Stored dataset items

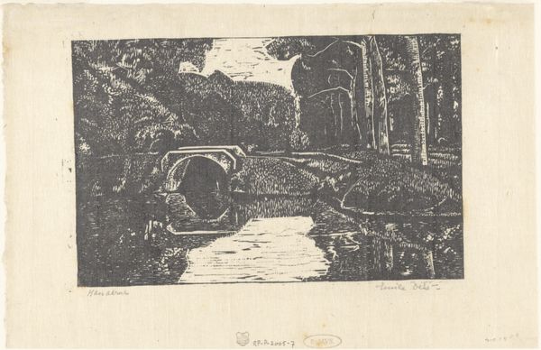 Jacob Pieter van den Bosch created this woodcut print called 'Karpervijver op Elswout in Overveen' in 1939. The print depicts a carp pond located in Elswout, near Overveen, Netherlands. This kind of imagery reflected a broader cultural interest in landscape and nature, which developed in the late 19th century, as cities grew and people became more aware of the impact of industrialization. In the Netherlands, this interest was also tied to a sense of national identity. Artists like Van den Bosch found inspiration in the Dutch landscape and contributed to an artistic movement that emphasized the beauty and uniqueness of the country. To fully understand this artwork, one needs to consider the historical context of landscape art, the rise of national identity, and the impact of urbanization on cultural values. Such research can provide us with a richer understanding of the artwork’s significance.
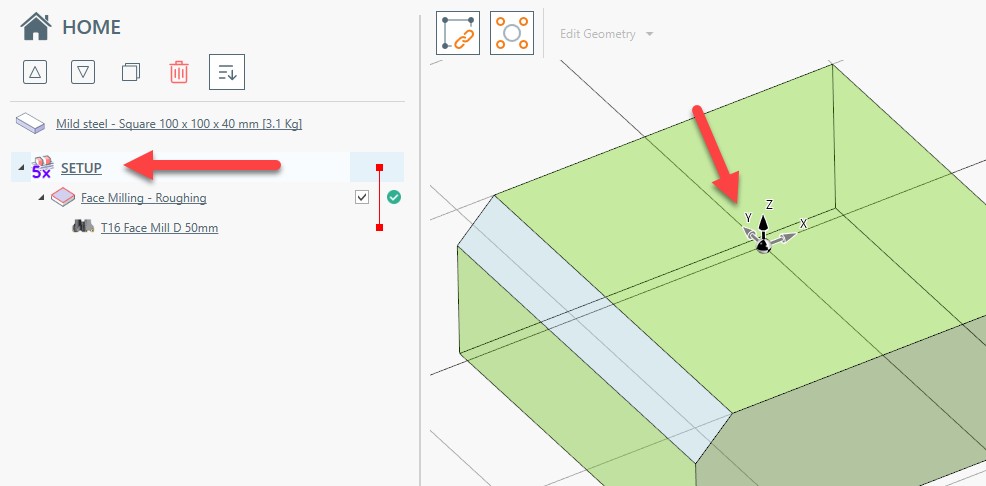 Wenn die CNC-Maschine INDEXED MACHINING unterstützt, ist es möglich, eine Werkzeugausrichtung für eine bestimmte Operation zu definieren, um in demselben Einrichtungszyklus auf mehreren Seiten zu arbeiten.
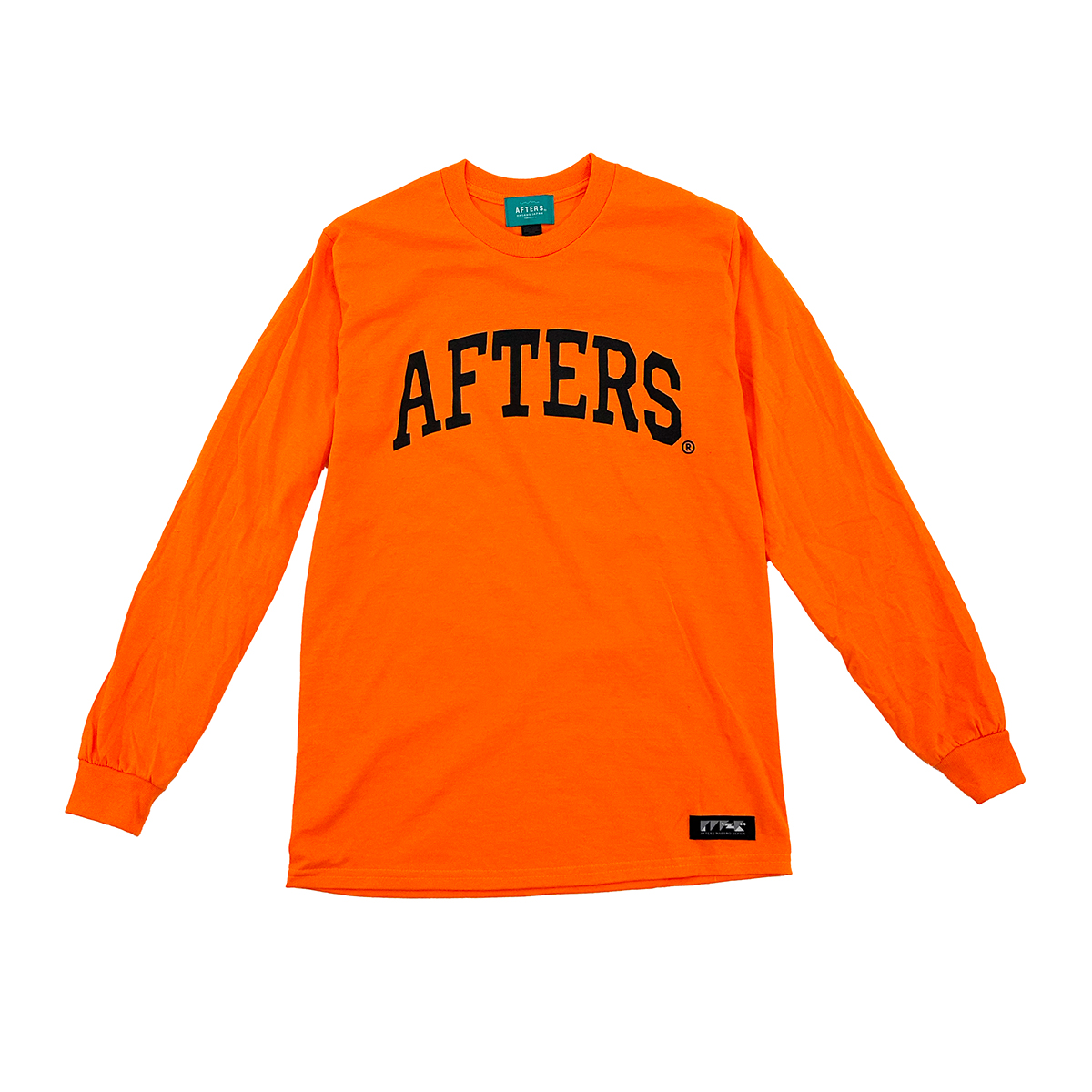 フロントにシルクスクリーンプリント、左裾にAFTERSネーム。
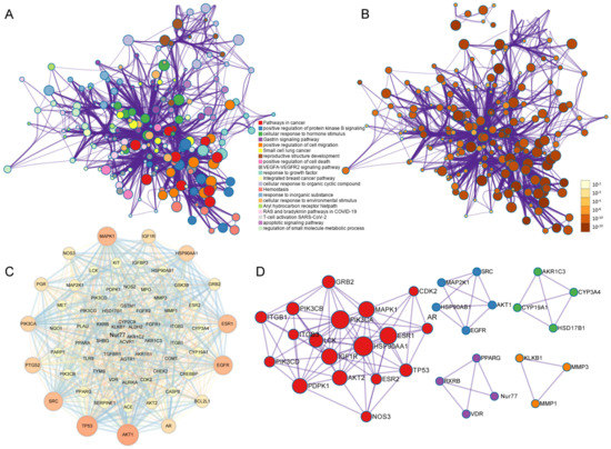 Biological enrichment and pharmacological network analysis. (A,B). Visual function enrichment analysis by Metascape. (C,D). PPI diagram of the common target network between Malayoside and prostate cancer.
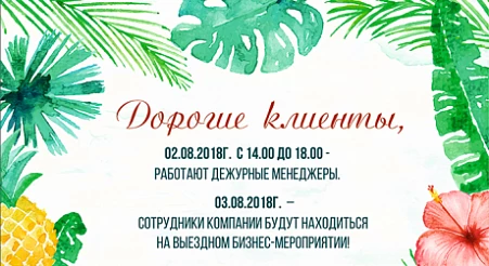 Дорогие друзья! В связи с проведением выездного бизнес-мероприятия 2 и 3 августа офис компании "Амиком" работает в сокращенном режиме!
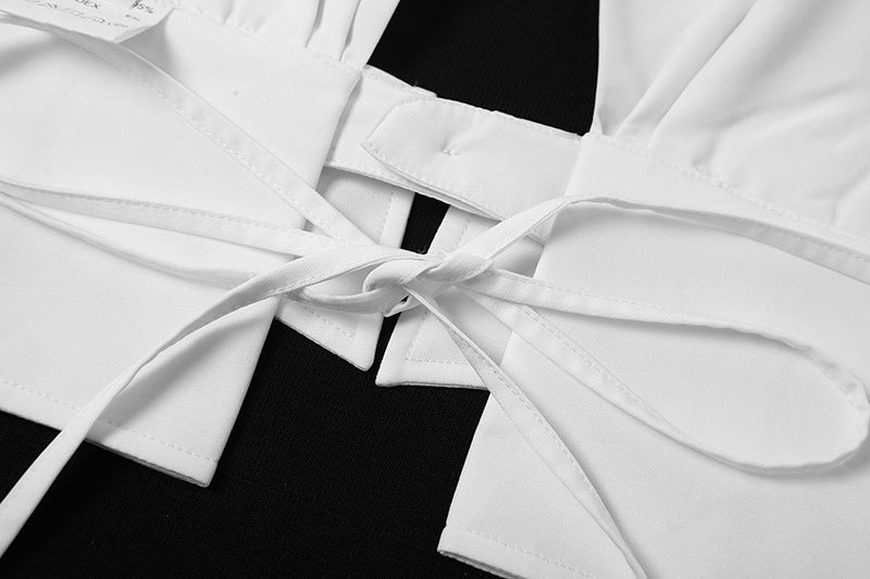 - Halter neckline with strong collar detail
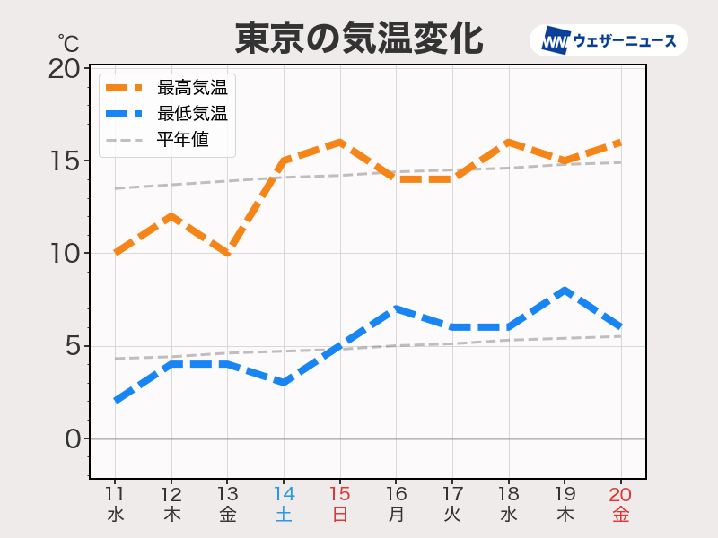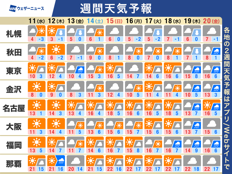 週末からは次第に気温が上がる見通しです。14日(土)や15日(日)は西・東日本では最高気温が15℃前後のところが多く、西日本は20℃近くまで上がる所もありそうです。
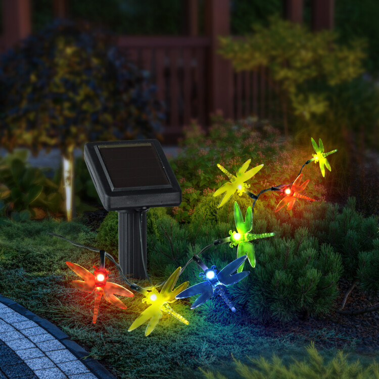 Садовая гирлянда из 20 полупрозрачных стрекоз, длина 5,5 метра. Разноцветные светодиоды: красный, желтый, синий, зелёный.
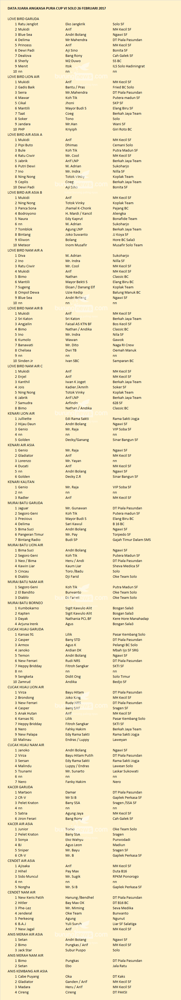 Hasil Lomba Burung
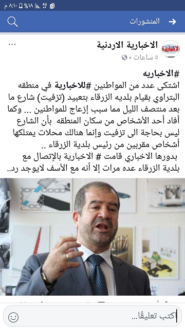 في تطور "دراماتيكي" لغياب الإدارة الفاعلة في بلدية الزرقاء، انتقلت موجة الاحتجاج على تدني الواقع الخدماتي المناط بأجهزة البلدية الى صفحات التواصل الاجتماعي، وقد صب أهالي المدينة جام غضبهم على مجلسهم البلدي الذي يقف مكتوف اليدين أمام سيل القضايا الخدمية التي يعانون منها ، وذلك في ظل غياب واضح لحضور او تواجد رئيس البلدية المهندس علي ابو السكر.
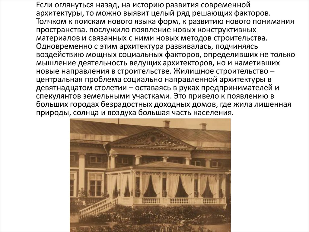 Если оглянуться назад, на историю развития современнойархитектуры, то можно выявит целый ряд решающих факторов.
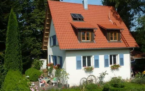 Permitido máximo 2 mascotas / perros. The holiday house was built in 1920. After nearly 100 years, the owners converted and renovated it in 2012. The house and another house are by the Iller reservoir dam near Aitrach/Mooshausen on a site of around 1200m², right by the edge of a forest. The managers live on the other side of the road. There are no other neighbours.The 120m² house provides a central tiled fireplace stove fired with wood for heating the house, as well as additional central heating . The ground floor has a big kitchen with a sitting corner for up to eight people. There is a giant living room with a lounge area and dining space with a hatch through to the kitchen. The solid wood floorboards give the living and dining room an especially cosy atmosphere. The bench by the fireplace stove is cosy in winter. The first floor has a big living room-bedroom with a double bed and single bed, as well as a smaller room with two pull-out beds. There is also a bathroom with underfloor heating, a shower and toilet. There are two further beds and another lounge in the attic. It is a non-smoking house. Children are welcome (highchair, cot on request). The site is fenced and pets are allowed. Since March 2015 the house has an additional pellets central heating to enhance residential comfort. Since January 2017 there are new natural wooden windows in all the rooms. Also in 2018 a wooden floor was installed in the living room.Guests with pets will appreciate the fully fenced garden by the edge of the forest, so despite the most thorough of cleaning, allergy sufferers should be aware that many pets have been accommodated here.There is a roofed outdoor seating area right by the house, where you can grill or simply enjoy the day. There is a little boat for the neighbouring pond and bicycles are available, as well as other leisure equipment in the big garage.The big, mature trees such as birch, linden, red beech and spruce provide shady spots in summer, with a hammock and canopy swing, as well as a wintery atmosphere. The adjacent pond invites you to go on a little boat trip, or skating in winter. The view of the river Iller flowing in front of the reservoir dam is very calming. Leisure activities in the area include fishing (with fishing permit only and in certain sections of the Iller), walks and hikes on the Aitracher Höhenweg, the Wurzacher Ried, the Danube Valley or simply the adjoining forest to the animal park. The slightly hilly surroundings also invite you to go biking. Bicycles are available on request. You can go for a stroll in the towns of Memmingen, Ulm, Kempten, Wangen or visit the Ulm minster, the Buxheim charterhouse or the farm museum in Illerbeuren. You can swim in the surrounding lakes, as well as in indoor, outdoor and thermal pools. In winter you can go skating on the nearby lake or at the rink in Memmingen. There are cross-country skiing trails about 20km away, ski pistes 50km away. Hot air balloon rides, the Skyline Park, scenic flights, golf, BMX riding or carting are all available. You can do shopping in Aitrach about 3km away, either by bike through the forest or by car, with a bakery, beer garden with a small animal zoo, a butcher, an Edeka market, a pharmacy, a doctor, a bank with an ATM (Raiffeisenbank), a petrol station in Tannheim about 5km away, a restaurant a ten-minute walk away. There is further entertainment in Memmingen about 15km away.
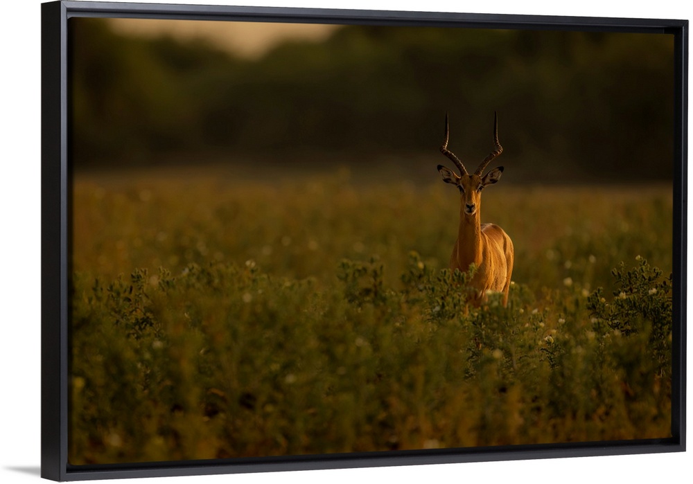<p>A male common impala, (Aepyceros melampus) stands among tall plants in the savanna, staring at the camera in Chobe National Park, Chobe, Bostwana</p>
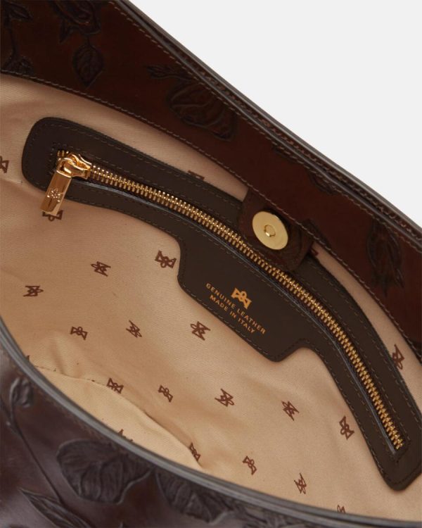Mimi represents a true style icon and represents a worldwide exclusive of the brand. The peculiarity is contained in the long articulated process consisting of over 13 processing steps of the floral motif. Not only calfskin, but a true artwork, expertly hand-painted on different levels. The end result is a unique material of its kind, with which small masterpieces are made.
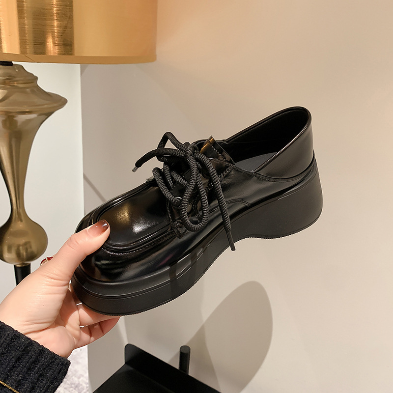 Small Leather Shoes For Women Spring All-match Shoes College Style Black Single Shoes Genuine Leather British Thick-soled Loafers
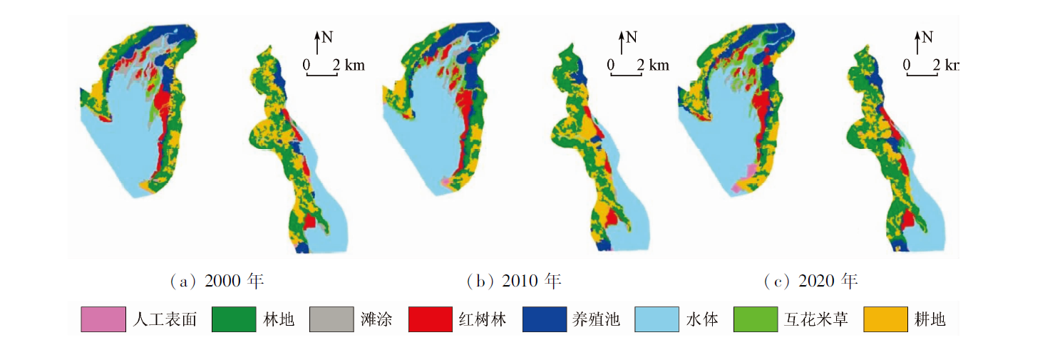 | 图3 2000—2020年研究区红树林及其他土地利用类型分布 |

[TASK OBJECTIVE]:
Each line from the one containing "Mimi represents a" through the last line above should be retyped exactly, and no other line. Any picture is to be left out.

[SOLUTION TO THIS EXERCISE]:
Mimi represents a true style icon and represents a worldwide exclusive of the brand. The peculiarity is contained in the long articulated process consisting of over 13 processing steps of the floral motif. Not only calfskin, but a true artwork, expertly hand-painted on different levels. The end result is a unique material of its kind, with which small masterpieces are made.
 Small Leather Shoes For Women Spring All-match Shoes College Style Black Single Shoes Genuine Leather British Thick-soled Loafers
 | 图3 2000—2020年研究区红树林及其他土地利用类型分布 |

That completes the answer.